As well as allowing the software to take advantage of multicore microprocessors to boost responsiveness, the enhancement would also improve browser stability, the company said in a news blog on the subject.
The unnamed project will happen in several phases, with the phase one 'bootstrap' due to complete by the middle of this July. Further phases will add and debug more complex elements of the new browser, with phase two due to complete by November.
No timescale is given for the phases beyond that point in time, which suggests that multithreading Firefox could turn out to be a project that takes well in 2010 to even near completion.
The goal is to end up with a browser capable of running each tab as an independent process, which would stop a hang in one from crashing the whole program, as would currently be the case. "Security sandboxing will be covered in a later phase," notes the blog.
(Excerpt) Read more at pcworld.com ...
Getting ready for 6 way MP chips...good!
“enhancement would also improve browser stability”
there’s no programmatic reason it should.
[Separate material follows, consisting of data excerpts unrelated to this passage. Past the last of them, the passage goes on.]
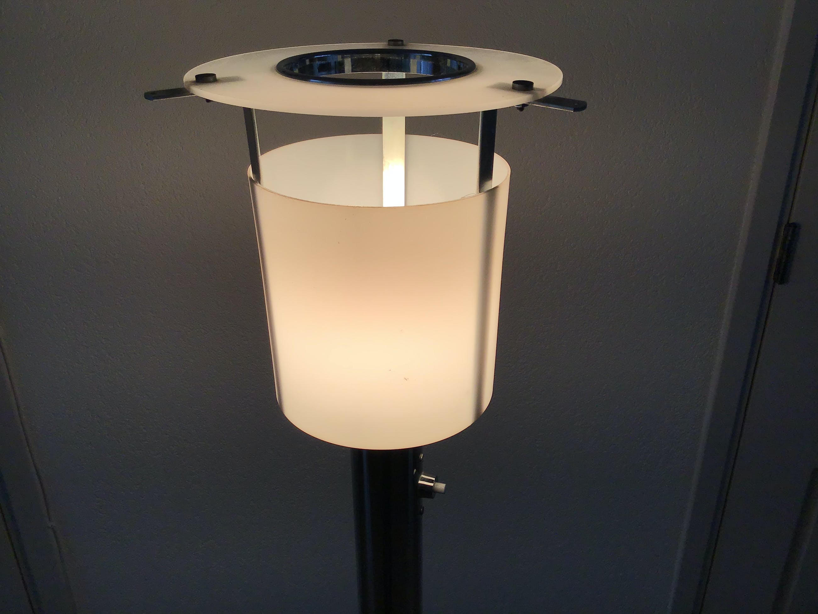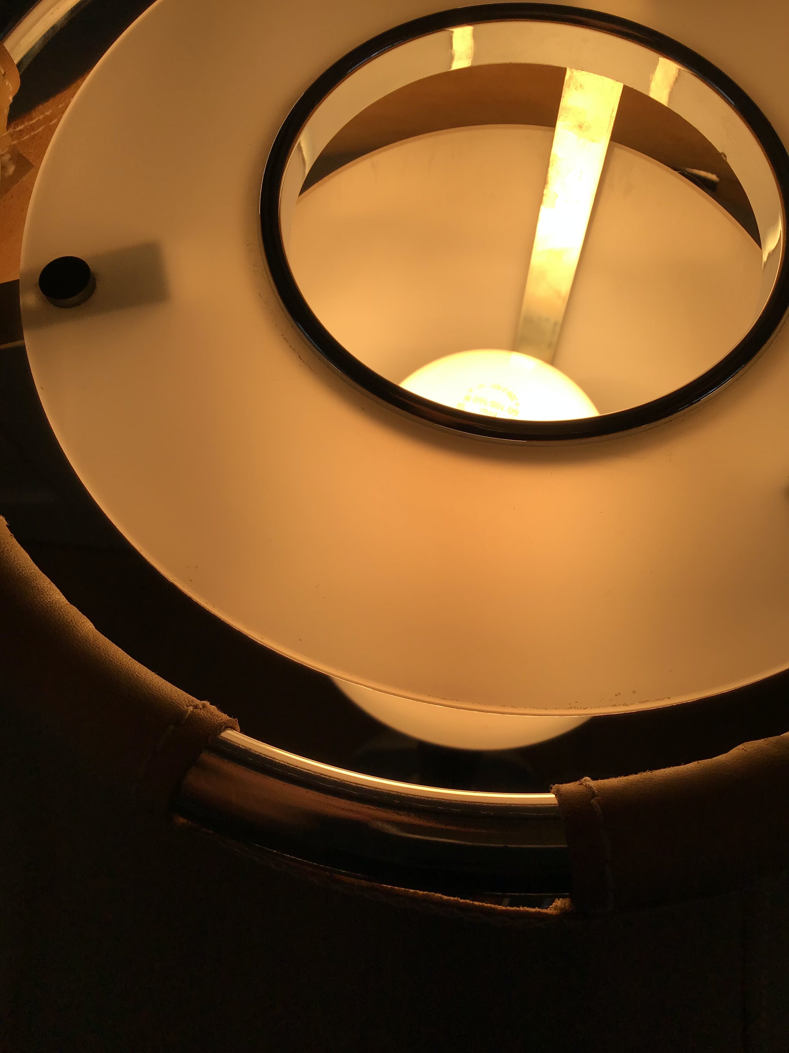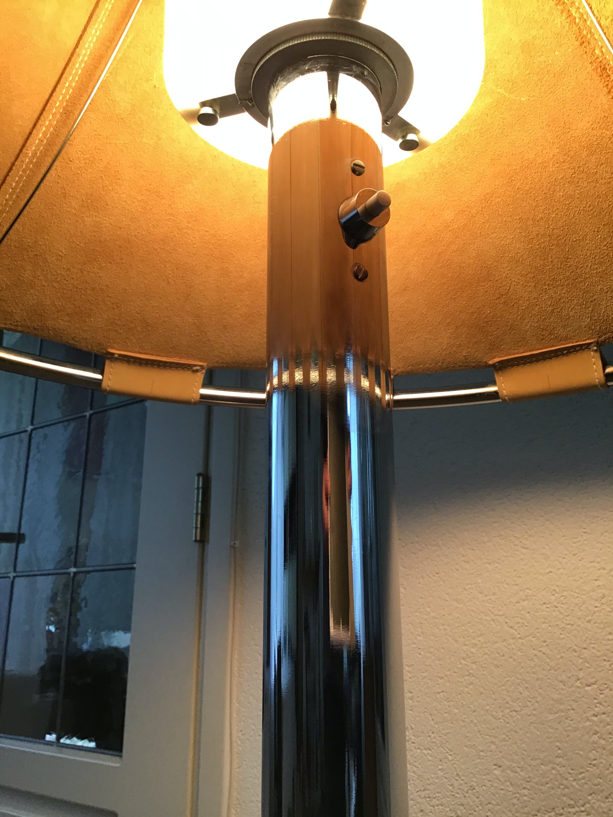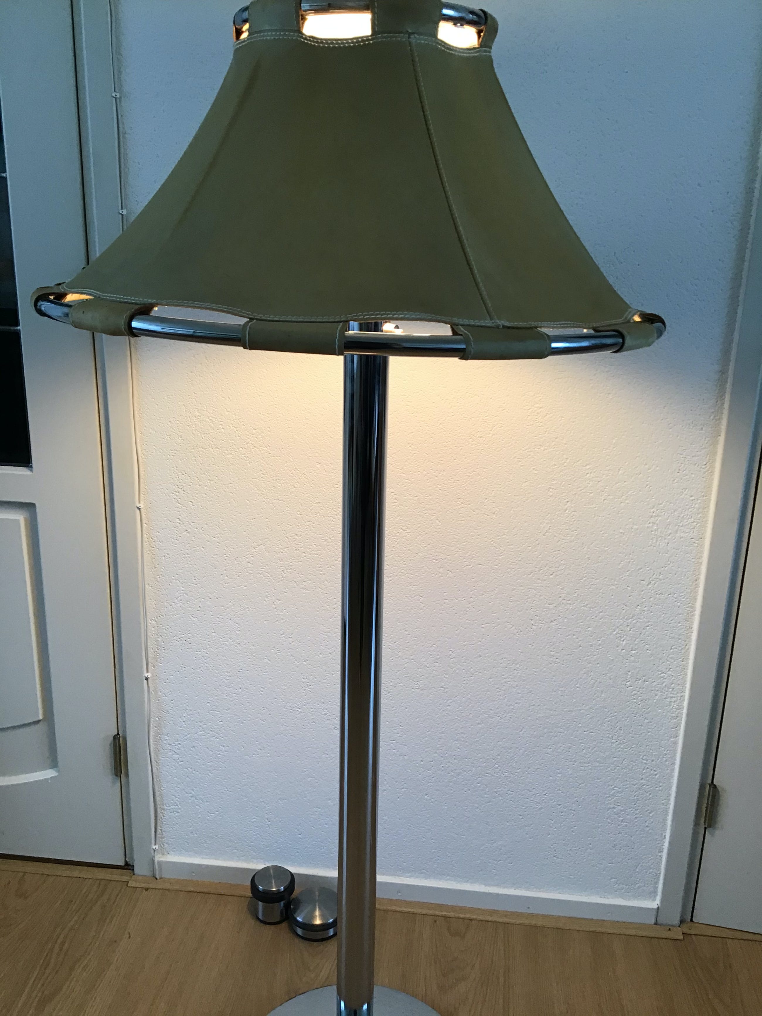 Mooie,design vloerlamp met de orgineel kalfslerenkap en verchroomde voet De lamp is in zeer goede staat alleen de kap is verkleurd. Chroom en kap zijn onbeschadigd. Met orginele gloeilamp met 3 sterktes ,60/100/160 W
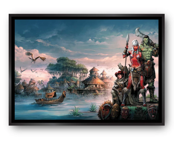 Dessin de C,Arleston et Ma Yi (Elfes Vol 5) Le monde d'Aquilon créé par J-L Istin et N Jarry, Tableau de qualité FINE ART sur toile de polycoton Premium de 350 g/m2, monté sur châssis bois et accompagné d'un crochet de suspension.
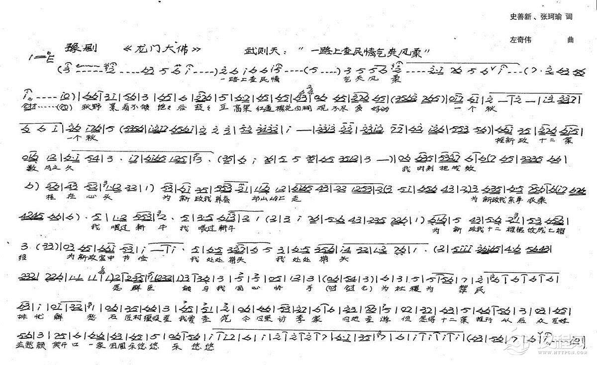 戏曲曲谱武则天唱下凤辇上龙门登高眺远(新创历史豫剧《龙门大佛》选段)

Ya. Normally the opposite is true. And color me unimaginative but, if you have a multi-core processor, it’s already fast enough to run any browser with ease, one a single core.
Firefox can use lots of cycles if you have lots of windows and tabs open and some of that Java stuff doing whatever it does...gets sluggish for me....and I have enough hardware ....cause I want a super responsive system.That’s with a Linux...Ubuntu Jaunty system .
How about fine tuning firefox so it doesn’t gobble up a gigabyte of RAM if I leave it open while I’m at work.
I really have to be doing a lot of windows and graphics to see it go over 1 Gig,...even with the 64 bit systems...never have seen it over 2 Gig,...
They may be planning on isolating plugins etc. in threads other than the main browser thread. Something bad happens, it is only that thread that throws an exception. As long as the OS doesn't kick the entire process... It could be more stable. Thread gets into a runaway recursion and jumps it's stack? Handled... etc.
I've done a fair amount of multi-threading work, and by and large it does make programs more stable. You can do all kinds of nice clean implementations: park a thread on something waiting on IO, etc. You don't have to play polling games hoping your buffers don't overflow etc. You can be even more object-oriented, class X does Y, period. You don't have to call into it periodically to give it CPU time, etc.